Hunter's critics, however, are growing in number and rising in volume after the union's abrupt departure from the negotiating table Oct. 4, shortly after Stern unexpectedly resuscitated an earlier union idea of a 50-50 split of Basketball Related Income based on the same calculations used in the league's previous labor agreement. Hunter left the distinct impression that day that famously intense Boston Celtics forward Kevin Garnett was suddenly in charge after participating in zero meetings to that point, thanks to a string of reports in the wake of the dissolved talks that union officials ended negotiations at the urging of Garnett's passionate/furious insistence that the NBPA accept nothing less than 53 percent of old BRI. The union hasn't backed off the 53 percent figure since.

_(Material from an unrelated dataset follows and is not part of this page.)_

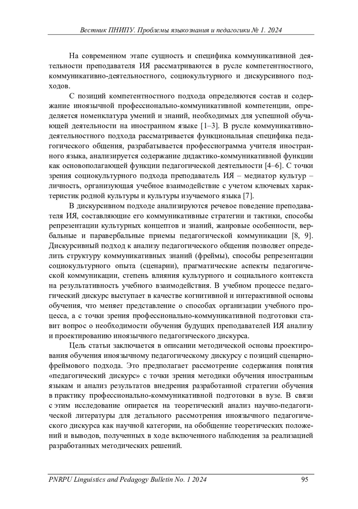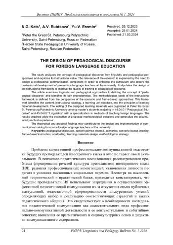 Анализируется понятие педагогического дискурса в русле современных лингвистических и педагогических научных работ, исследуется его методический потенциал. Актуальность темы обусловлена необходимостью внедрения профессионально-коммуникативного компонента в содержание практической подготовки преподавателей иностранного языка в вузе и, следовательно, разработки методической основы обучения иноязычному педагогическому дискурсу. В статье рассматриваются лингвистические, педагогические и лингводидактические подходы к определению понятия «педагогический дискурс», выявляются его ключевые характеристики. Анализируется методическая основа проектирования обучения иноязычному педагогическому дискурсу с позиций сценарно-фреймового подхода: обосновывается содержание обучения иноязычному педагогическому дискурсу; предлагается методическая стратегия организации учебного взаимодействия; проектируется структура учебного блока; формулируются принципы разработки учебных материалов. Апробация разработанных учебных материалов проходила в СПбПУ при участии студентов магистратуры, обучающихся по направлениям подготовки 44.04.01 «Педагогическое образование» и 45.04.02 «Лингвистика» со специализацией в методике обучения иностранным языкам. Полученные результаты позволяют оценить результативность предлагаемых методических решений и обобщить накопленный практический опыт. Представленные в статье теоретические и практические обобщения могут быть востребованными в организации профессионально-коммуникативной подготовки будущих преподавателей иностранного языка в вузе
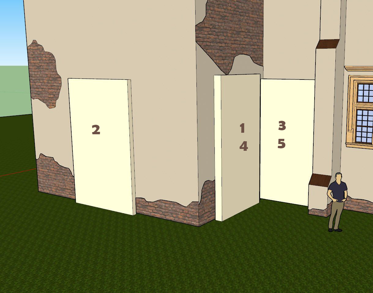 Najpierw w alkierzu, od jego wschodniej strony, tu gdzie są i dziś (1), potem w alkierzu, ale od południowej strony (2), potem kolejne w południowej elewacji (3), kolejno znów we wschodniej elewacji alkierza (4), by dziś zostały jak są… plus dodatkowo drugie (5), ale komu potrzebne, skoro nie używane i przy samych głównych?

That sequence of events spawned the follow-up perception that Hunter was determining policy based on the wishes of his most vocal and/or most decorated constituents as opposed to establishing the course of action as the union's lead voice. And that feeds right into the question that has been privately posed for months by various agents as well as a handful of players: Is Hunter willfully avoiding tough stands and simply sticking to his "stay strong" and "prepare for the worst" preaching mantras in hopes that the players themselves force a resolution while he retains a job that pays him a reported $2 million annually?

ESPN.com's Henry Abbott, quoting a source close to negotiations, reported earlier this week that Hunter "has his hands full" dealing with players like Garnett and Dwyane Wade who are taking a harder line than he has. During a wide-ranging round of TV and radio interviews Thursday, Stern only amplified those concerns by insisting that Hunter wasn't even in the room on Oct. 4 when Stern and deputy commissioner Adam Silver were summoned behind closed doors to hear that the NBPA had decided that it couldn't attempt to sell a 50-50 revenue split to its members and that, according to sources, there was nothing left to discuss.

Hunter returns to the spotlight Friday, when he hosts a regional players meeting in Los Angeles before meeting Monday with federal mediator Cohen in advance of Tuesday's bargaining session with the league that will be overseen by Cohen. Yet it was at one of those regional meetings earlier in the summer that sources say another Celtics player -- Paul Pierce -- loudly challenged Hunter to enlighten the assembled audience on the details of "our plan" to withstand the owners' push for a far more restrictive financial system that enhances competitive balance.

No one ever said Hunter's job was easy, given the heavy odds in the owners' favor of getting many of the changes they want, but a lot of players out there are still waiting to finally hear some specifics from that plan.